The final diagnosis of the condition indicates that the pt. suffers from pharyngitis. This is an inflammation of the pharynx that causes a scratchiness in the throat and a difficulty in swallowing (Kalra, Higgins, & Perez, 2016). One of the chief symptoms of pharyngitis is fever, where it mostly occurs as a low-grade fever and then increases with an increase in the flu.

This is just like in our patient who is reported to have a fever that varies from low-grade to high-grade. The patient also has a red throat with white patches, which are also the main symptoms of pharyngitis (Wessels, 2016). Unlike the other three conditions explained in the differential diagnosis, pharyngitis does not involve cardiovascular difficulties, and hence it is more likely that she suffers from pharyngitis.

  1. What diagnostic tests will you order for this patient? The rationale for ordering the tests.

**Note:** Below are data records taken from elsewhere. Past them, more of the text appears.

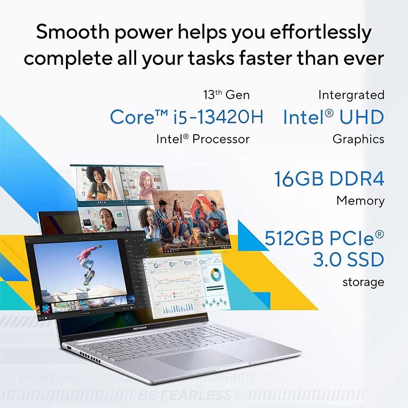 Vivobook 16 helps you complete all your tasks faster than ever, whether it’s at work, at home, or out and about. Upto 13th Gen Intel Core processors with DDR4 memory, PCIe 4.0 SSD speedy SSD storage, and WiFi 6E make everything effortless.
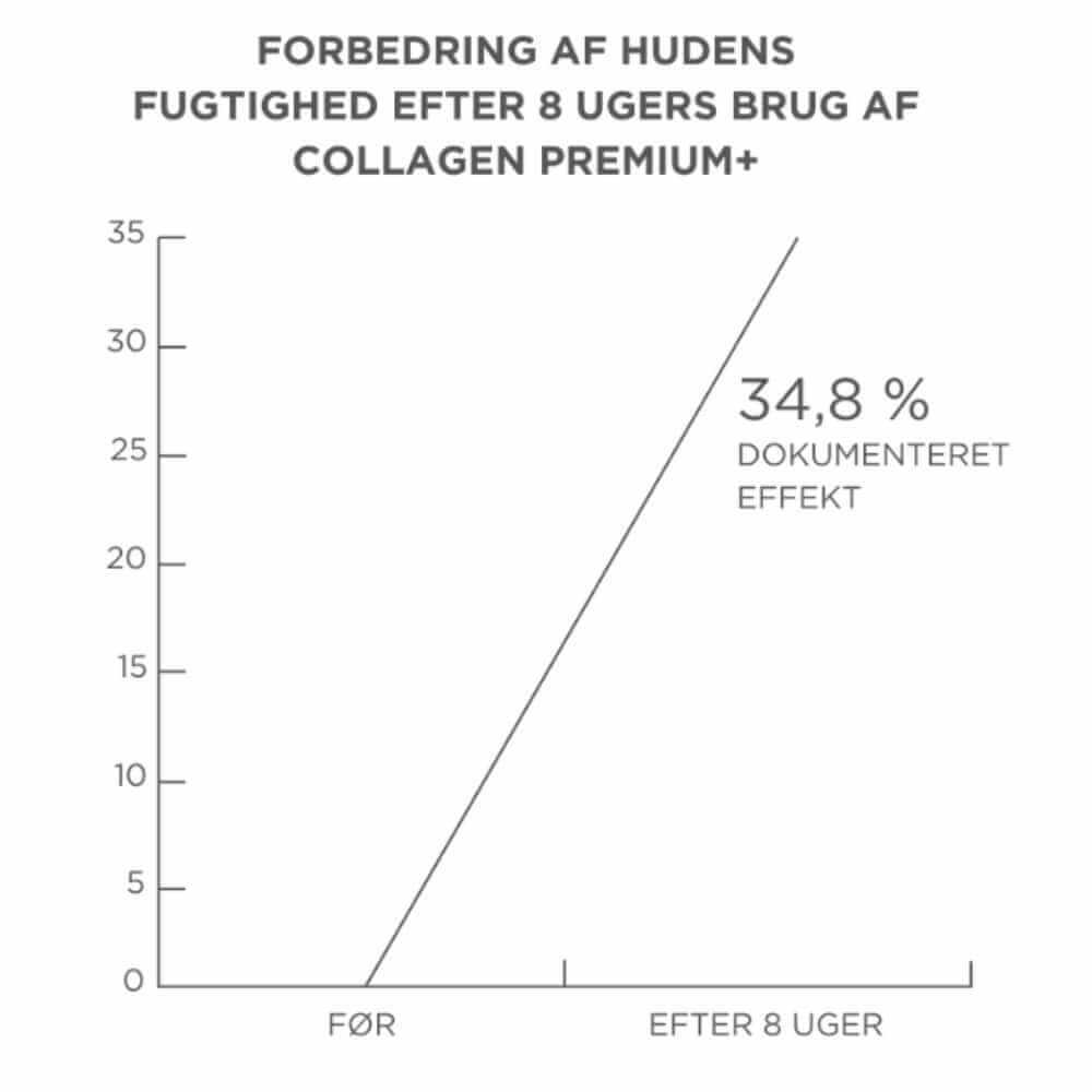 Vores Collagen Premium+ er dokumenteret til at reducere synligheden af rynker og cellulite samt øge hudens fugtniveau med op til 35 % efter kun 8 uger. Dets mikrohydraliserede marint TYP1-kollagen styrker din huds naturlige struktur og bidrager til et yngre og friskere udseende.
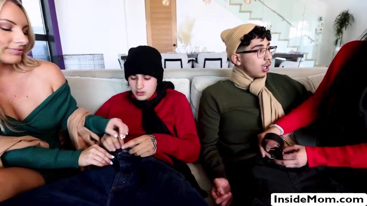 Milf stepmoms Bunny Madison and Mona Azar are concerned about the well being of their stepsons, Diego and Ellias. The two babes comfort them with heated foursome sex in the couch together they blowjob their bigcocks before getting their pussies fucked.
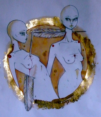 Watercolor, November 2012. The original is postcard sized.An exercise in complementary colours a watercolor course; I'm trying to make the lessons at least a little interesting by painting subjects that matter. The horse is not supposed to be F but a regular bay horse. This picture may look nice when viewed from a distance.

The first diagnostic test I would carry out on Ana would involve a physical examination, where I would scrutinize her throat and check for swelling, gray patches, and redness (Igarashi et al., 2016). Also, I would check for swollen lymph nodes. After suspecting the presence of a strep throat I would perform a throat culture, where I would use a cotton swab to take a sample of the throat secretion, and test for streptococcus. I would also perform blood tests to determine for mononucleosis. I prefer doing a full hemogram, where I would also assess for other blood factors that could be indicative of pharyngitis.

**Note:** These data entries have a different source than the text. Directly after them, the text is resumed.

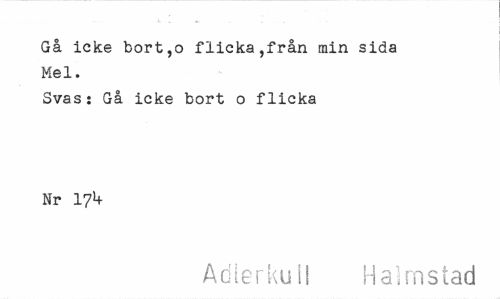 //// Gå icke bort,o flicka,från min sida Mel. //// Svas: Gå icke bort o flicka Nr 17!+ //// Adlerkull Halmstad ////
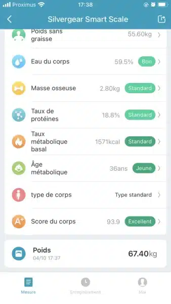Cette SilverGear Smart Scale est un très bon produit bon marché et de qualité qui fait le boulot pour lequel, il a été conçu. Très bonne première impression et pas de soucis constaté. L’appareil fonctionne avec des piles mais à ce prix-là, on ne pouvait pas s’attendre à avoir une batterie. Les informations sont relevantes et devraient satisfaire toutes personne soucieuse de perdre du poids mais surtout de la graisse plutôt que du muscle.
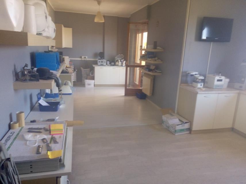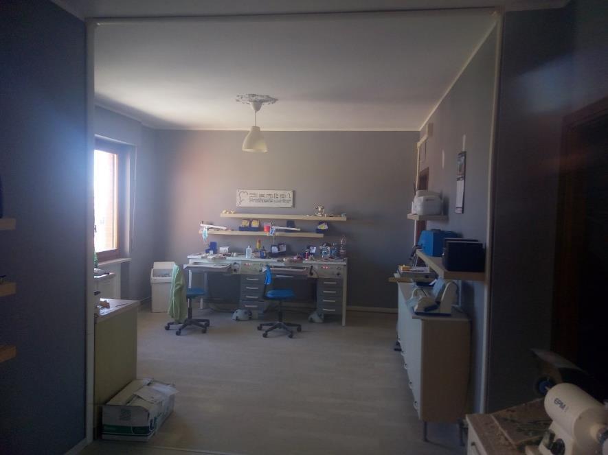 Carrù, Via delle Scuole Medie 5, Scala C, Condominio Tre Stelle, piano 2°, laboratorio composto da: locale per attività, ufficio, ufficio/magazzino, disimpegno, bagno; serramenti in legno a vetro semplice; riscaldamento condominiale centralizzato a gas metano. Acqua calda sanitaria garantita da C.T. comune. Impianto elettrico sottotraccia, salvavita. Cantina a piano seminterrato e garage in corpo separato. Occupato da soggetto terzo in forza di contratto di locazione opponibile (scadenza disdetta: 31.10.29)
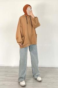 Lamelif Kapşonlu Oversize Yan Cepli Sweat Camel
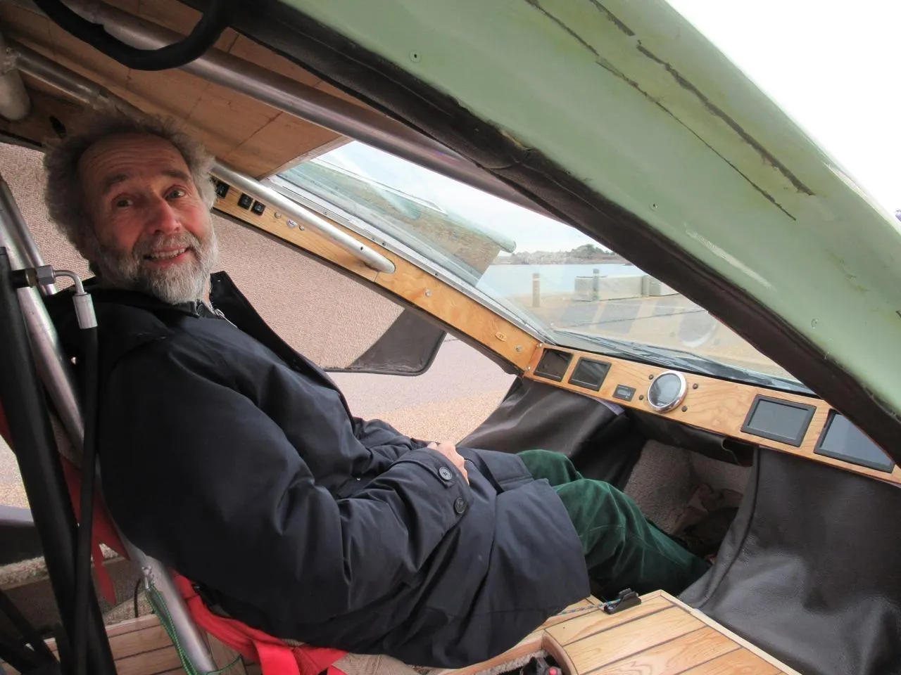 Denis Baulier et sa Scaramobile tous panneaux déployés avant sa mise en route, tout en silence, pour effectuer un aller-retour sur le boulevard de la Mer à Port-Blanc. © Ouest-France

  1. What is your treatment plan/interventions for this patient? Provide a rationale for your choice(s).

Tylenol is the first recommendation I would make for the patient to relieve pain (just as she indicates that she had used it). Ibuprofen could also be used for the same. Where there are excessive scratches, I would recommend throat lozenges. After assessing and confirming that the patient’s condition is associated with bacterial infection, I would administer her with antibiotics (Van Drie et al., 2016).

  1. Discharge/education

I would recommend the patient to use the dosage prescribed using a strict schedule. Also, the patient is to maintain high levels of hygiene by often washing hands, avoid sharing utensils, and avoiding sick individuals. During and after medication, the patient has to avoid alcohol and smoking, including second-hand smoke.


Igarashi, H., Nago, N., Kiyokawa, H., & Fukushi, M. (2017). Abdominal pain and nausea in the diagnosis of streptococcal pharyngitis in boys. International journal of general medicine10, 311.

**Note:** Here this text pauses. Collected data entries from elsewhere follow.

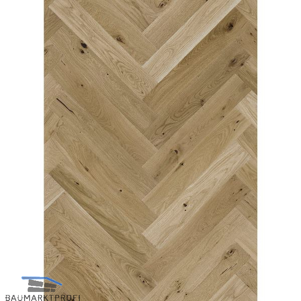 Naturöl macht den Fischgrätboden äußerst beständig und bereitet keine Schwierigkeiten bei der Pflege, wobei regelmäßiges Nachölen zu empfehlen ist.
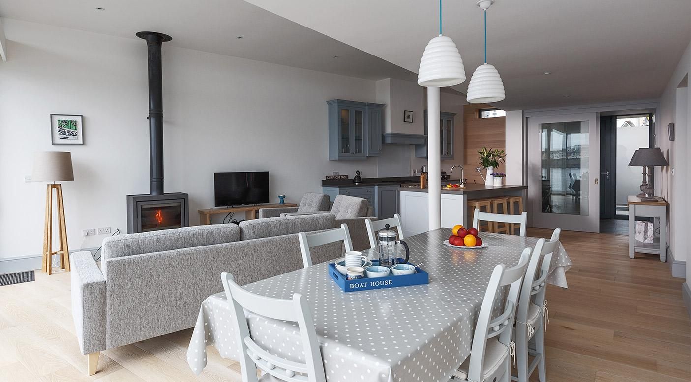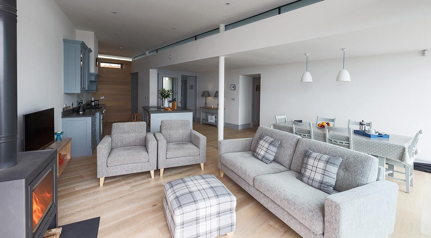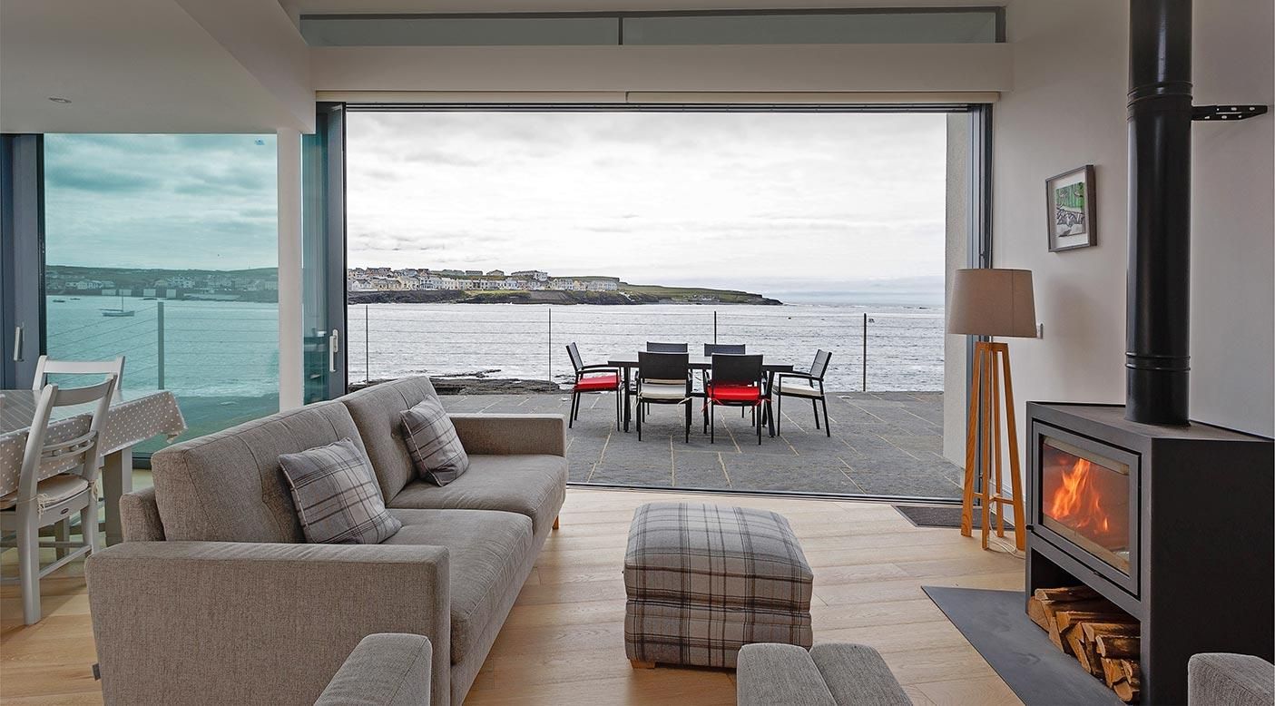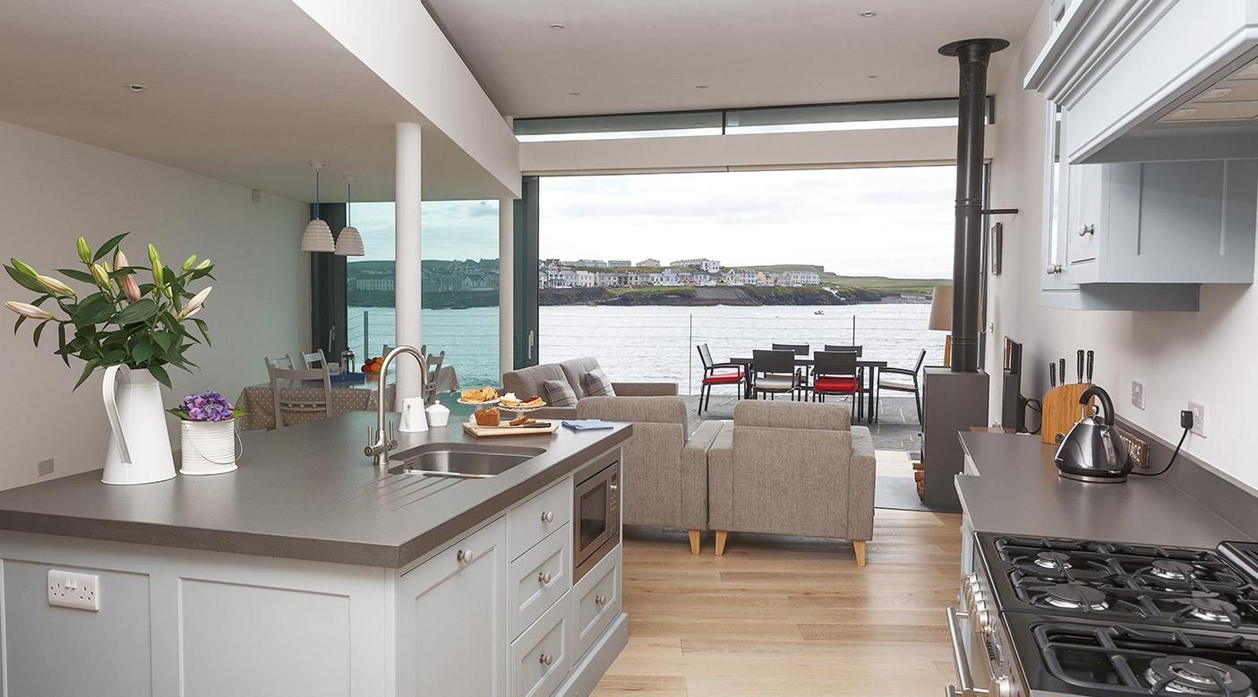 The open-plan extension is filled with natural light and designed to 'bring the outside in' with seascape views that surround you.
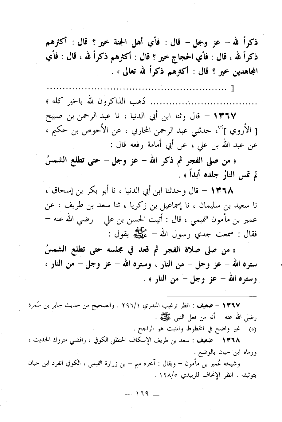 1368- قال وحدثنا ابن أبي الدنيا، نا أبو بكر بن إسحاق، نا سعيد بن سليمان، نا إسماعيل بن زكريا، ثنا سعد بن طريف، عن عمير بن مأمون التميمي، قال: أتيت الحسن بن علي –رضي الله عنه- فقال: سمعت جدي رسول الله صلى الله عليه وسلم يقول:

Kalra, M. G., Higgins, K. E., & Perez, E. D. (2016). Common Questions about Streptococcal Pharyngitis. American family physician94(1).

Rubenstein, J. (2018). ICD-10 Changes for October 1, 2018. Reviews in urology20(3), 133.van Driel, M. L., De Sutter, A. I., Habraken, H., Thorning, S., & Christiaens, T. (2016). Different antibiotic treatments for group a streptococcal pharyngitis. Cochrane Database of Systematic Reviews, (9).

Wessels, M. R. (2016). Pharyngitis and scarlet fever.